Finding effective hypotheses with MCTS

Exploration of the vast hypothesis landscape effectively requires more than naive sampling. Autods uses research on Monte Carlo trees (MCTS) with a progressive enlargement to guide its search for surprising discoveries. Each node of the research tree represents a hypothesis, and the branches correspond to new hypotheses packaged with previous results. This structure allows autods to maintain a balance between the exploration of new avenues and the monitoring of fruitful tracks.
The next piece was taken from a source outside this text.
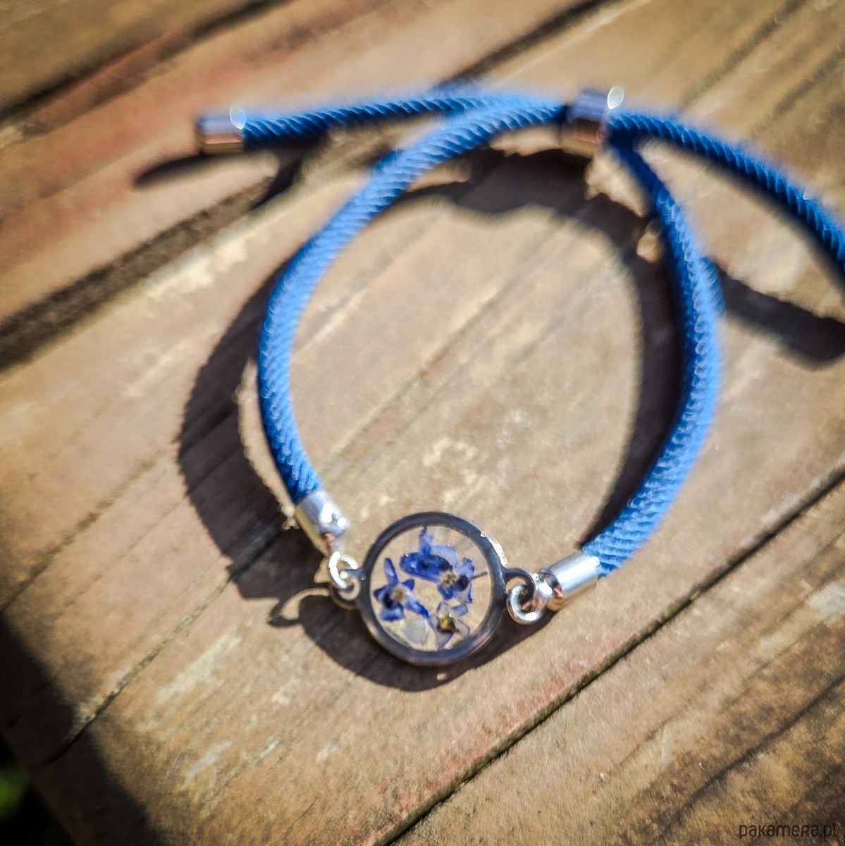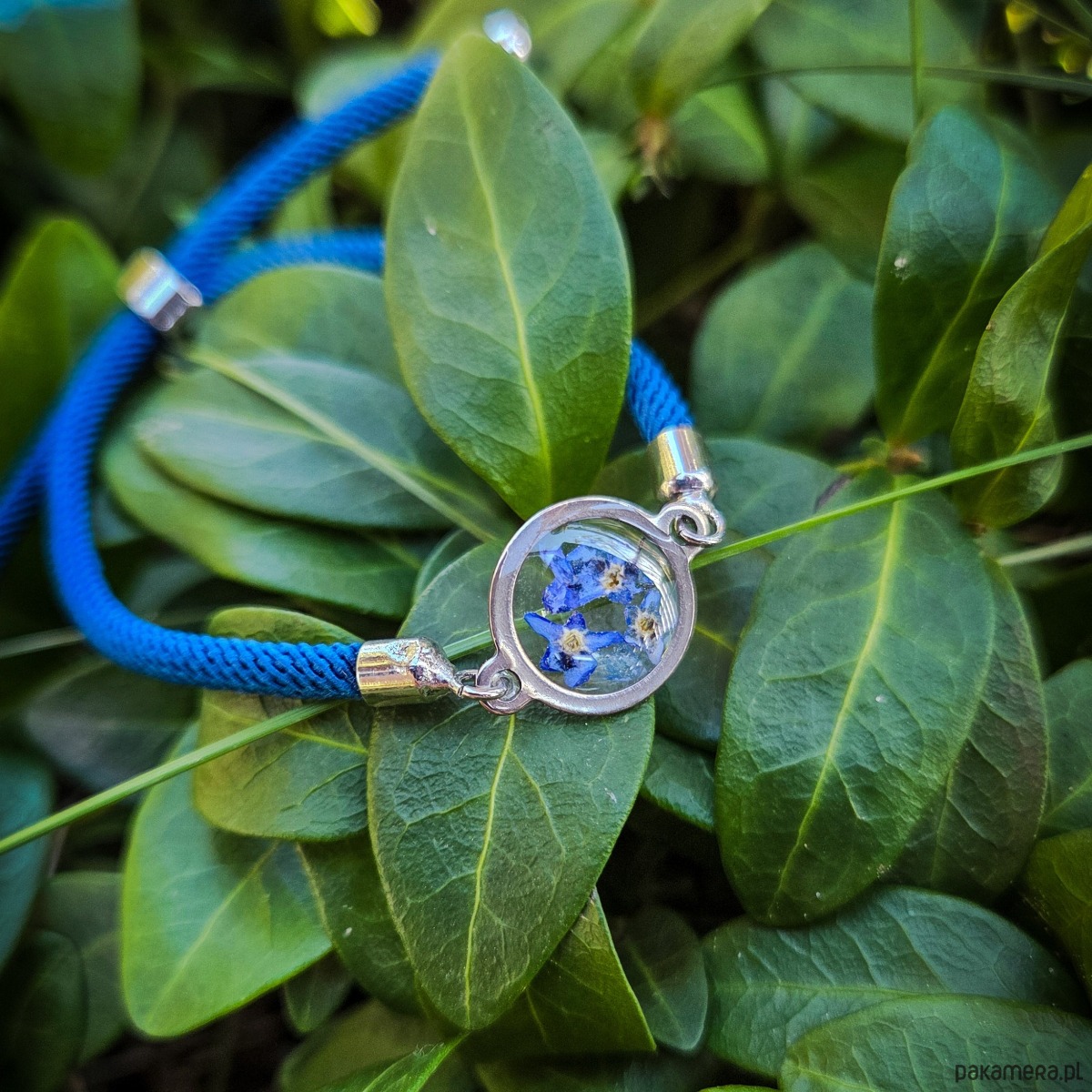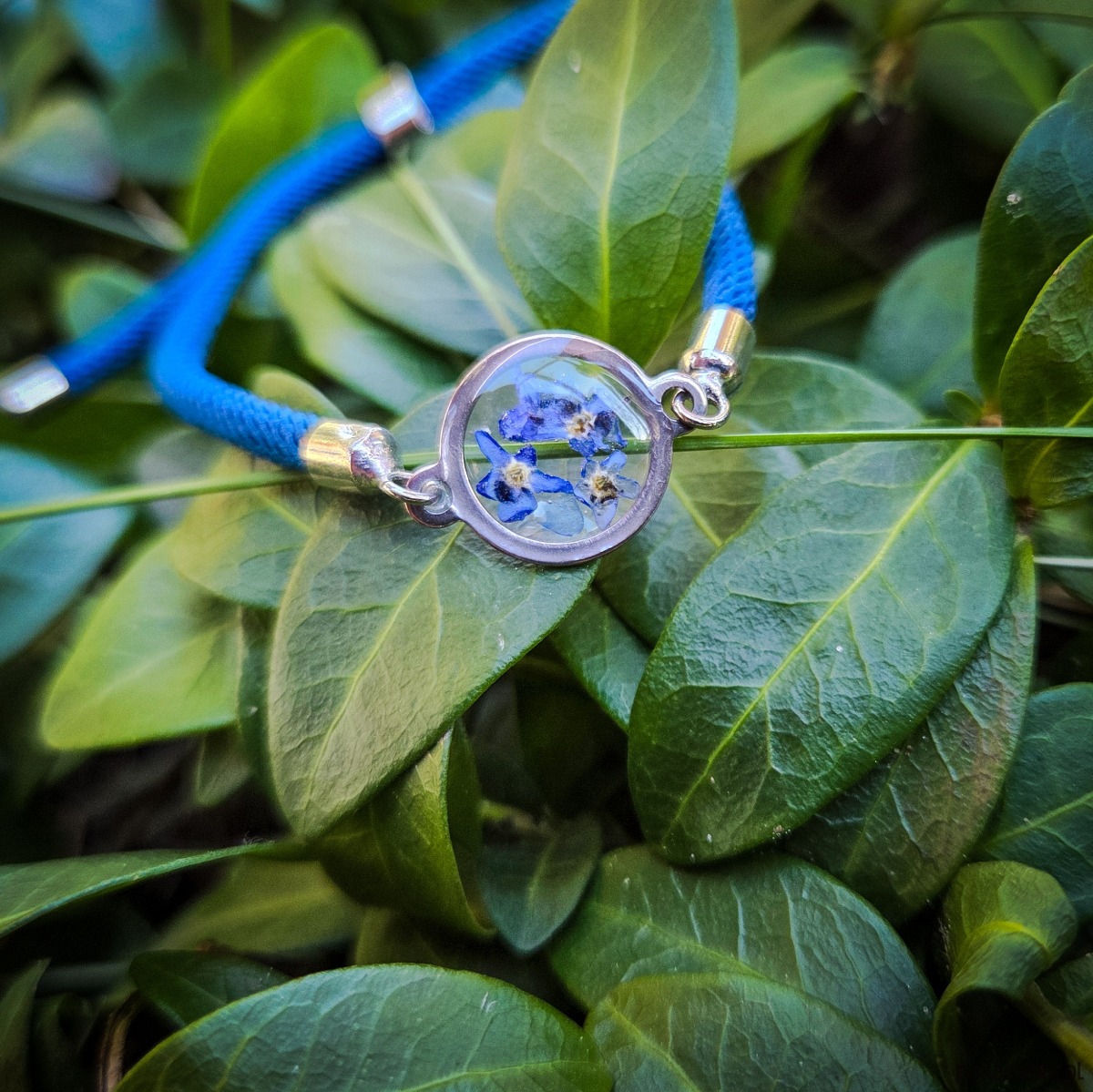 Bransoletka z oczkiem z zatopionymi w żywicy epoksydowej niezapominajkami. Oczko: 14 mm

Unlike gourmet research or beam methods that may overcome or prematurely pruning, MCTS maintains high discovery efficiency under fixed calculation. Empirically, in 21 sets of domain data such as biology, economics and behavioral sciences, autods surpass repeated sampling, the bases of beam search and the search for beams – with 5 to 29% of hypotheses more judged surprising by the LLM.

Multi-agent multi-agent architecture

Autods orchestrates a series of specialized LLM agents, each responsible for a part distinct from the independent scientific work flow:

  • Generation of hypotheses
  • Experimental design
  • Programming and execution
  • Analysis and review of results

The deduplication of semantically similar hypotheses uses a hierarchical clustering pipeline: the text -based text with LLM combined with semantic equivalence in pairs guarantee that the final output set only includes really distinct discoveries.
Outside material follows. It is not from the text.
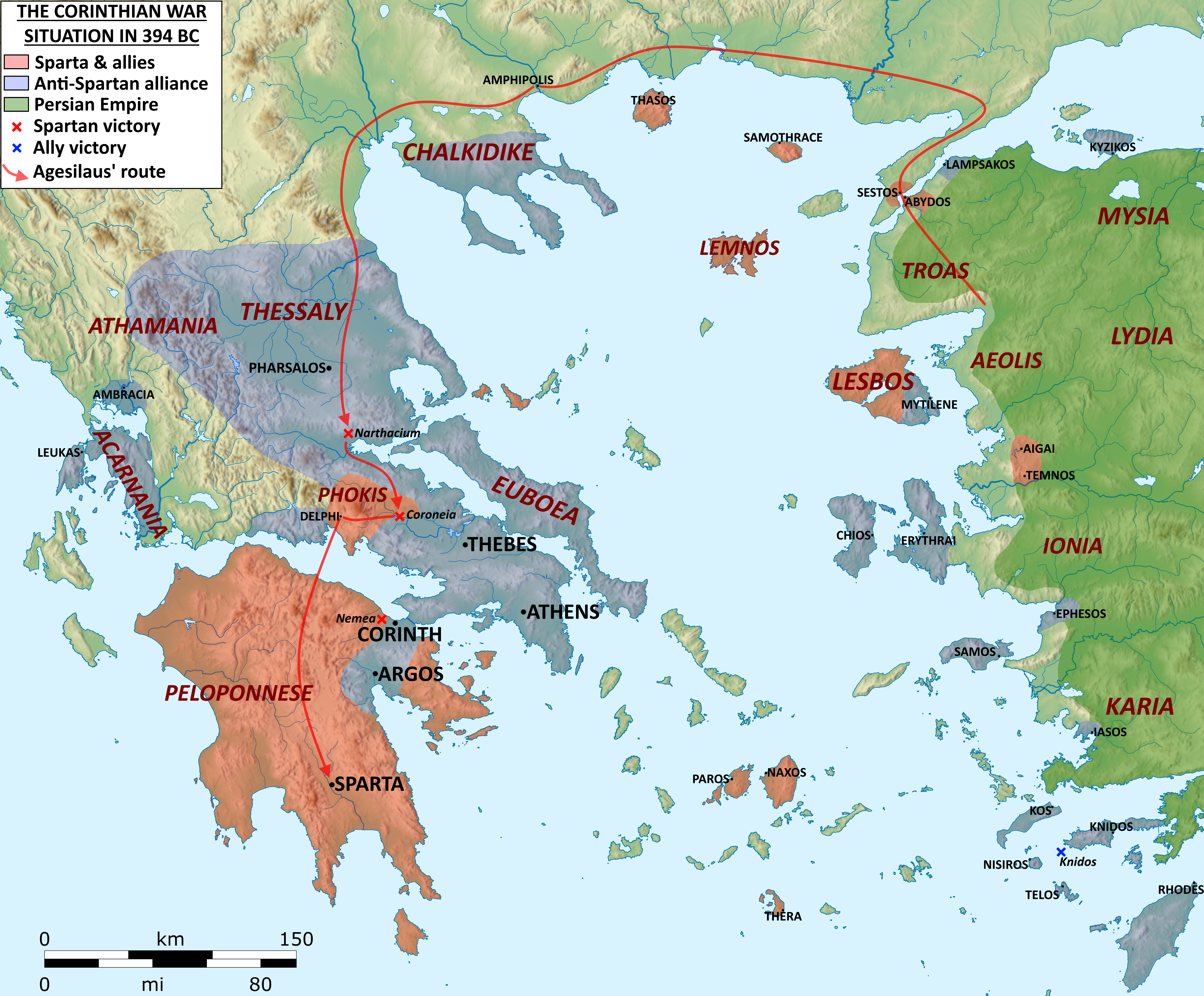 이 시점에 아게실라오스의 군대는 테살리아를 통과하는 행군 중에 테살리아인들의 공격을 물리친 후 보이오티아에 도착했는데, 그곳에서 반 스파르타 동맹의 여러 국가에서 모인 군대와 마주쳤다. 아게실라오스 군대는 아시아에서 왔으며, 대부분 해방된 헬로트와 만 명의 용병 베테랑으로 구성되었으며, 오르코메누스에서 온 스파르타 부대 절반과 코린토스 만을 건너온 또 다른 부대 절반이 추가되었다. 이 군대는 테베 영토의 코로네이아에서 서로 만났다. (코로네이아 전투) 네메아에서와 마찬가지로 양쪽 오른쪽 날개가 승리했으며, 테베인들이 돌파하는 동안 나머지 동맹군은 패배했다. 나머지 군대가 패배한 것을 본 테베인들은 자신들의 진영으로 다시 돌파하기 위해 대형을 갖췄다. 아게실라오스는 그들의 군대와 정면으로 맞섰고, 그 뒤에 이어진 전투에서 많은 테베인들이 죽었고, 나머지는 간신히 돌파하여 동맹군과 합류했다.[27] 이 승리 후, 아게실라오스는 군대를 이끌고 코린토스 만을 건너 스파르타로 돌아갔다.

Alignment and human interpretability

Alignment with human scientific intuition is a key reference. In a structured human assessment (with examiners with STEM history at the MS / PHD level), 67% of the assumptions that the autods deemed surprising were also considered surprising by experts in the field. In addition, the Bayesian surprise metrics of Autods drew more closely with human judgment than proxy measures such as “interest” or “utility” provided.
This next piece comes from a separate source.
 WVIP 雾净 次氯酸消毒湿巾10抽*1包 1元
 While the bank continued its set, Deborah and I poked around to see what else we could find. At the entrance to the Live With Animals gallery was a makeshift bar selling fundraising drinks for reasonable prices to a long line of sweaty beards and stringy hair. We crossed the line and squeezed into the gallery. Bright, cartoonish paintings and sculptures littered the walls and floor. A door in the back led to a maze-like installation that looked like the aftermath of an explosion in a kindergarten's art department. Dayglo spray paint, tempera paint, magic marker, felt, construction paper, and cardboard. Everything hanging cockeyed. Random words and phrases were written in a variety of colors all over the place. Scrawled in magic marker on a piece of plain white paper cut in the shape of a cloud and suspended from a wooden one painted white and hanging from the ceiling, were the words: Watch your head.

Interestingly, the nature and the direction of surprising belief changes varied according to the scientific field – lightning, for example, that confirming claims often require stronger evidence to be convincingly than new falsifications.

Practical considerations and future perspectives

Autods have high implementation and experimental validity, with more than 98% of the discoveries evaluated correctly implemented by human examiners. While the current pipelines depend on LLMS led by API and therefore faced latency constraints, the team has also explored an implementation of “programmatic research” which provides much faster, although less rich results.

Although Autods is currently a research prototype (with the opening of the planned open source), its architecture and its empirical success trace a convincing path for the scientific sciences and focused on AI.

Conclusion

Autods represent a significant increase in autonomous scientific reasoning. By going from research focused on objectives to an autonomous exploration based on curiosity – and to the implementation of its research in the Bayesian surprise – this indicates the way towards future AI systems capable of completing, accelerating or even directing scientific discovery independently.


Discover the Paper,, GitHub page And Blog. All the merit of this research goes to researchers in this project.

Sponsorship opportunity: Reach the most influential AI developers in the United States and Europe. 1M + monthly players, 500K + community manufacturers, endless possibilities. (Explore sponsorship)


Screen Shot 2021 09 14 at 9.02.24 AM

Asif Razzaq is the CEO of Marktechpost Media Inc .. as a visionary entrepreneur and engineer, AIF undertakes to exploit the potential of artificial intelligence for social good. His most recent company is the launch of an artificial intelligence media platform, Marktechpost, which stands out from its in-depth coverage of automatic learning and in-depth learning news which are both technically solid and easily understandable by a large audience. The platform has more than 2 million monthly views, illustrating its popularity with the public.

Leave a Comment

This site uses Akismet to reduce spam. Learn how your comment data is processed.